Зрителю явлено чувство абсолютной свободы словно на кончике нерва, нерва времени, современности, и эта болевая заостренность эмоций становится камертоном бытия — в объеме и объятии общечеловеческой жизни. Из зеркала взят ведущий визуальный лейтмотив постановки: отражающее удвоение. Герой трактуется как расщепленное состояние двух половинок, лицо и личина, суть и оболочка, кожа и отражение кожи, начальный период жизни и заключительный. Вот почему так органично смотрится Онегин из двух отражений: молодой (Виктор Добронравов) и умудренный (Сергей Маковецкий). Так же ось симметрии рассекает драматическое единство события, на со-Бытие Онегина и Ленского, в зеркале действия: персонажи, разные возрастные градации, порции отражений самих себя в прошлом и зеркало целиком, отражающее все и всех. Или наоборот – Людмила Максакова играет сразу несколько образов — от пластического (Танцмейстер) к воспитательному (Няня), затем и смертельному инферно (некая демоническая сила, уводящая персонажей в никуда). Сами два действия спектакля как зеркальное перекрестие полюсов плюса и минуса — искренность Татьяниных чувств и равнодушие Онегина в первой ипостаси и смена полярности ролей и чувств во втором. Здесь еще один пасс симметрии: от деревенского уклада и милой искренности к столичной жизни с ее искусственными церемониями и отношениями. И заключительные сцены — рука Татьяны (Евгения Крегжде) у сердца при чтении письма, когда только резкий поворот головы выдает ее чувства, и финальный безвольный танец с огромным медведем, (на этот раз нечто вроде эффекта увеличения в вогнутом зеркале) танец во сне, в пучине снежной бури и метели.
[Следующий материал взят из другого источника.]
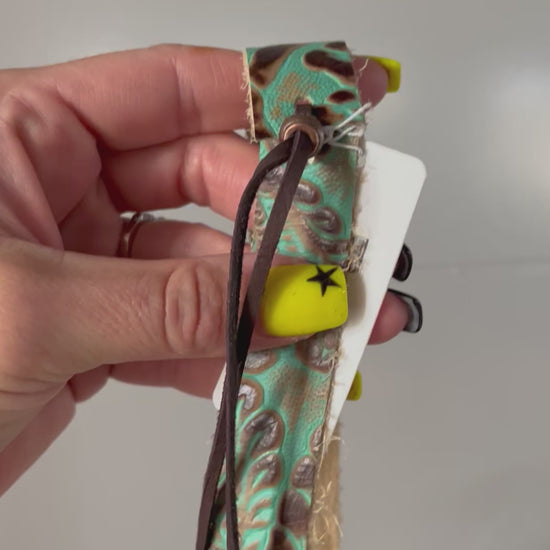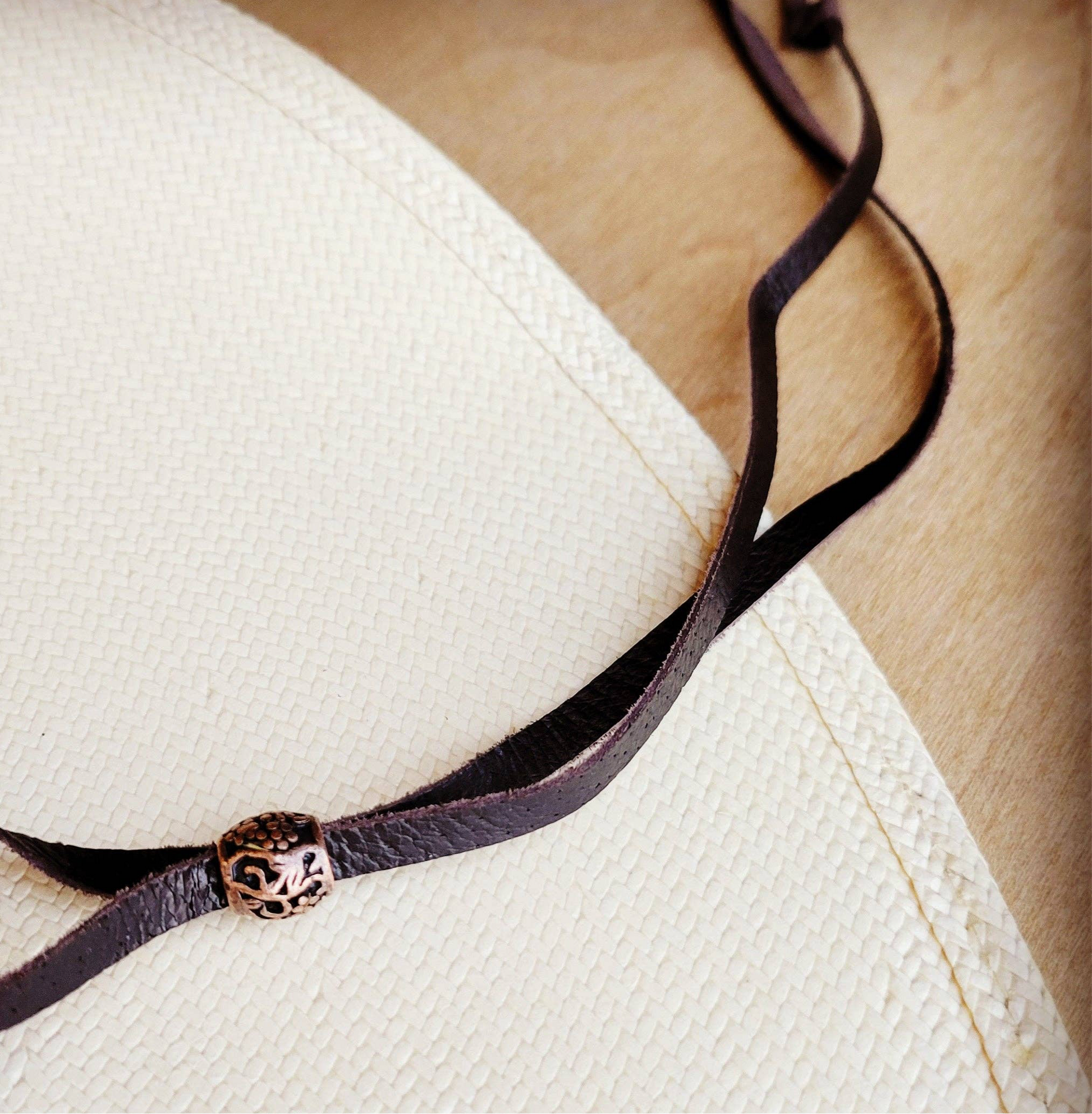 *Boho-style genuine leather Hat Band *1 inch wide *Adjustable with leather ties *Embossed hide or Hair-on-Hide as indicated in the listing title *Sourced and Hand-made in Texas

Казалось бы, внешне банальность суммы знаков — от просторов, дорог, шинелей, плясовых, медведей, однако взятые на едином эмоциональном дыхании вкупе в единстве режиссерского почерка дают глубинное прочтение. Римас Туминас испытывает к снегу какую-то особенную влюбленность, который для него лишен жестких ассоциаций с морозом и льдом, для него снег – это скорее поэзия, в духе той волшебной луны из шекспировского «Сна в летнюю ночь». У Шекспира луна включает и радеет пертурбациям волшебства и превращений, а у Туминаса снег опекает душевное умонастроение героев слитых с моральной музыкой души: он (по формуле поэта: «нас всех объединяет снег своей связующей прямою») как знаковая символика разбитого отражения, одномоментный знак и мимолетного и вечного, сонмы порхающих снежинок, вальсируя, становятся то просто снегом, засыпая, пеленая и укрывая все, то белоснежным саваном погребая. Где Прошлое вроде бы как сон, отражение, призрак, но оно — твоя нынешняя судьба, которую ты написал сам.
Совсем иным увидел мир Юрий Бутусов, его работа «Добрый человек из Сезуана» о двух полюсах человеческой сущности — добре и зле, которые срослись и стали неразличимы, которые не могут существовать вне другого, о шатком равновесии и несправедливости с необъятным пожирающем дном жизни.
Вот на наш взгляд удивительный пример правильно понятой злободневности.
Злоба дня это всего лишь трагический ракурс вечности, а не сценический фельетон про плохое руководство и не ту Думу. У Театра нет газетной природы первой полосы и даже комментария. (Кто-то из литературоведов отметил, что Лев Толстой с Романовыми не ругался. По характеру высказывания театр «похож» на Льва Николаевича, не к лицу ему переругиваться). Вот почему пьеса Брехта сохранила всю силу всегдашней актуальности зла.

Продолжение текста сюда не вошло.